→ **WHAT TO PRODUCE**
When you return the lines below, go from the first through the line with "On the menu, you’ll", keep them exact, and leave out every picture.

(Extracted records)
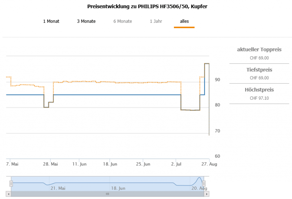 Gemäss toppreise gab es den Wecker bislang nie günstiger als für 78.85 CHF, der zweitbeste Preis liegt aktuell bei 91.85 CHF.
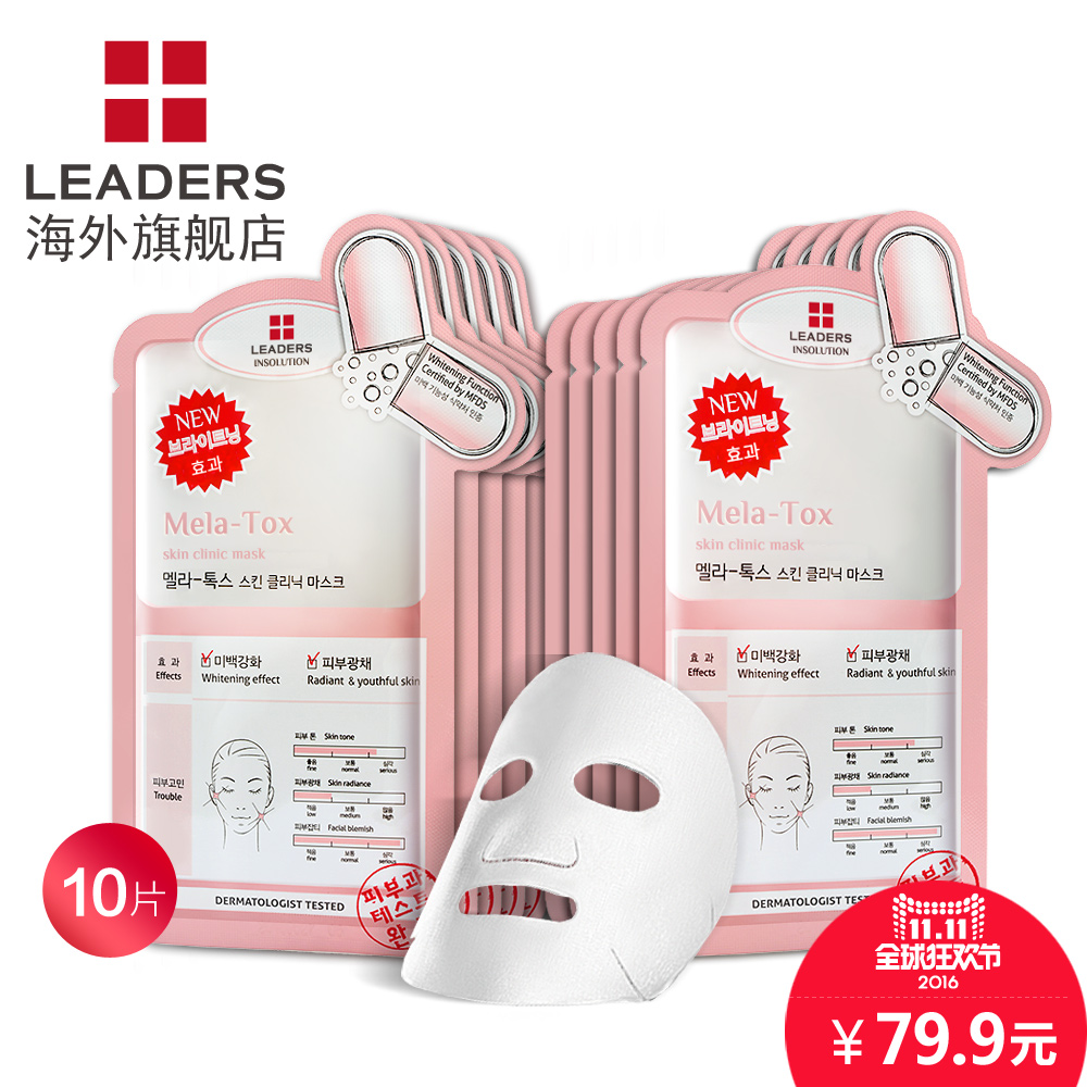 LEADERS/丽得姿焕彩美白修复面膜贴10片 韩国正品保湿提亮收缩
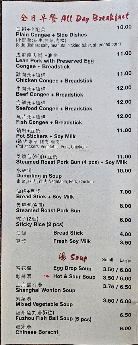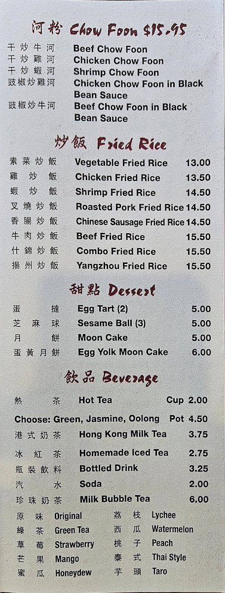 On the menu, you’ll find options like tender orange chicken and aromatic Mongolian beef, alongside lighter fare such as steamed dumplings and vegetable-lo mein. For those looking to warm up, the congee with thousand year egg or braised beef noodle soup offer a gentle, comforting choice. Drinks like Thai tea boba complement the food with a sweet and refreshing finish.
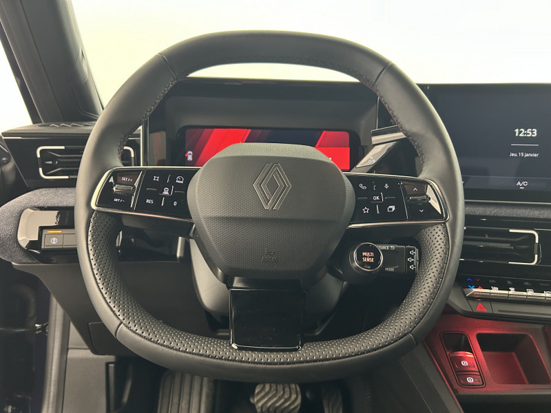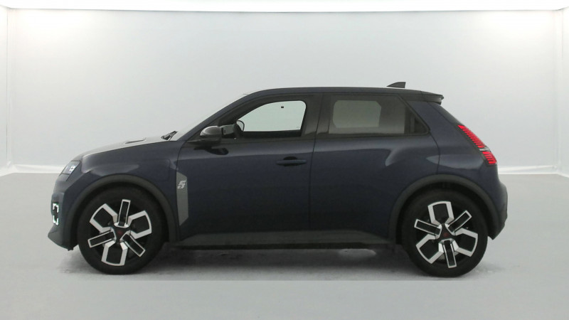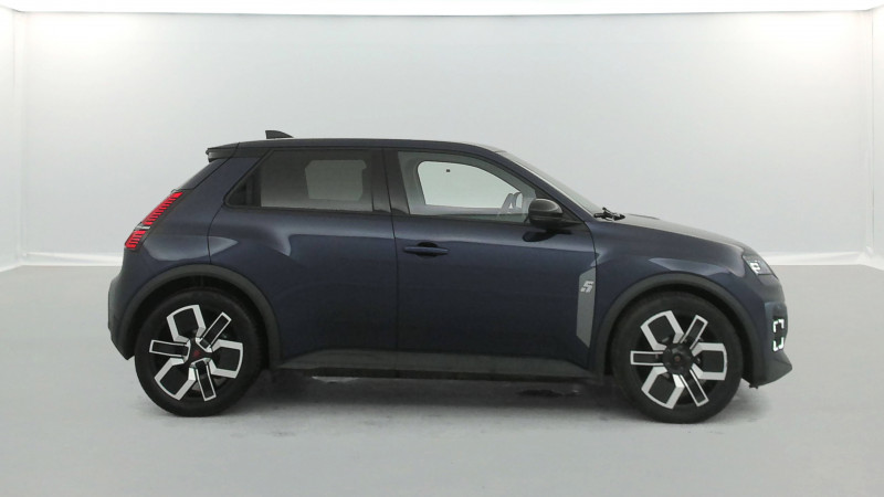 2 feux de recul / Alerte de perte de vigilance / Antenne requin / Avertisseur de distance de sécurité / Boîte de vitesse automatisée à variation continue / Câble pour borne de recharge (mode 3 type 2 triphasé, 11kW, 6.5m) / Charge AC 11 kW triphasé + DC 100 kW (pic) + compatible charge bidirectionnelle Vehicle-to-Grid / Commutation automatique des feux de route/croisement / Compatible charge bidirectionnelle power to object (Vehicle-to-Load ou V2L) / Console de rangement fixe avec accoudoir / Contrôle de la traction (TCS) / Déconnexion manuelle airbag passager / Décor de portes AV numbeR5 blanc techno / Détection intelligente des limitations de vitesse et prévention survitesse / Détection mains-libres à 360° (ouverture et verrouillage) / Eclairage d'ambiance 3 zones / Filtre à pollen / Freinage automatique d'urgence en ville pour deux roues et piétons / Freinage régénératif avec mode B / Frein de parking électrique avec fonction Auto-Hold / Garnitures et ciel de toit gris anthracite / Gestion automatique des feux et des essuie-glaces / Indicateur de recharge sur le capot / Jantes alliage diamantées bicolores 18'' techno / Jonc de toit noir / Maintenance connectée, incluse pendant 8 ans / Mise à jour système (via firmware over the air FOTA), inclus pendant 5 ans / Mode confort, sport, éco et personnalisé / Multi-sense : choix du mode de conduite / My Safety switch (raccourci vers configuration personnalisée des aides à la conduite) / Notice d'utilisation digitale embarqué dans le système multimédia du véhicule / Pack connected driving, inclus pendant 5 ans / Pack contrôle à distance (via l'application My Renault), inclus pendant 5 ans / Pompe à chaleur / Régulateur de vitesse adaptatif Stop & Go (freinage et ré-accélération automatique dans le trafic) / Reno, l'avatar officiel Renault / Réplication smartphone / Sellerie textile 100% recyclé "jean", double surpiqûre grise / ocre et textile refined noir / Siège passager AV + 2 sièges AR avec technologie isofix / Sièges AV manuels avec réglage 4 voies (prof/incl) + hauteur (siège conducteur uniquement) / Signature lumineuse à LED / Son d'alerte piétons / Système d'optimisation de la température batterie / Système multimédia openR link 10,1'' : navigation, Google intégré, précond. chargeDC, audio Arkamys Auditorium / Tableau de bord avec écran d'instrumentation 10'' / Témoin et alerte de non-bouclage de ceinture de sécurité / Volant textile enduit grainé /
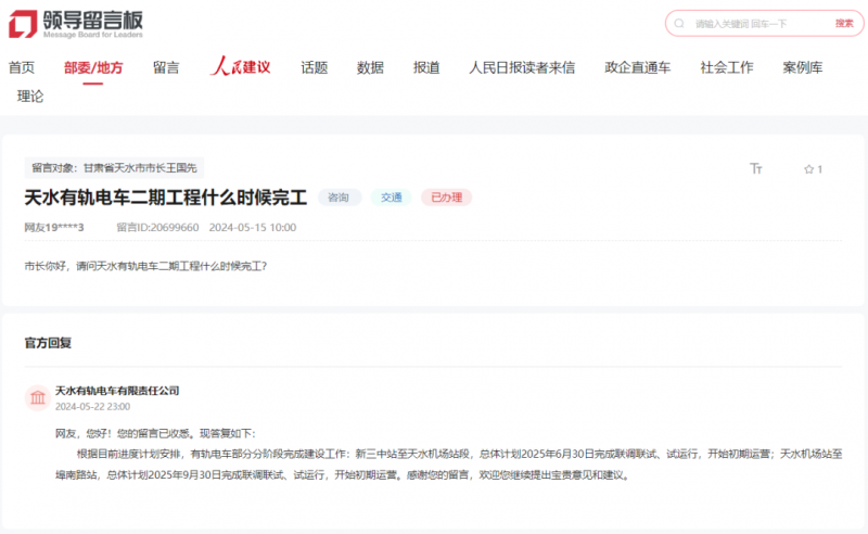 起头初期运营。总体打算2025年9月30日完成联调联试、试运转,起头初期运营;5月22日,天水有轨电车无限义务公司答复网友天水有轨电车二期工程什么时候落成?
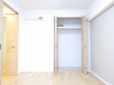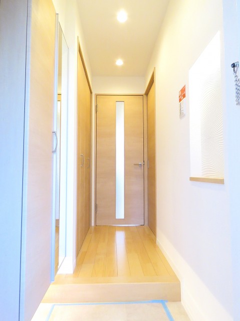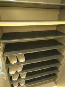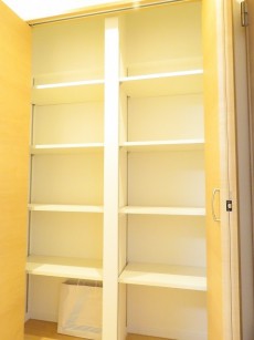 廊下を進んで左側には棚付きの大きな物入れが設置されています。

→ **ANSWER SECTION**
 Gemäss toppreise gab es den Wecker bislang nie günstiger als für 78.85 CHF, der zweitbeste Preis liegt aktuell bei 91.85 CHF.
 LEADERS/丽得姿焕彩美白修复面膜贴10片 韩国正品保湿提亮收缩
 On the menu, you’ll find options like tender orange chicken and aromatic Mongolian beef, alongside lighter fare such as steamed dumplings and vegetable-lo mein. For those looking to warm up, the congee with thousand year egg or braised beef noodle soup offer a gentle, comforting choice. Drinks like Thai tea boba complement the food with a sweet and refreshing finish.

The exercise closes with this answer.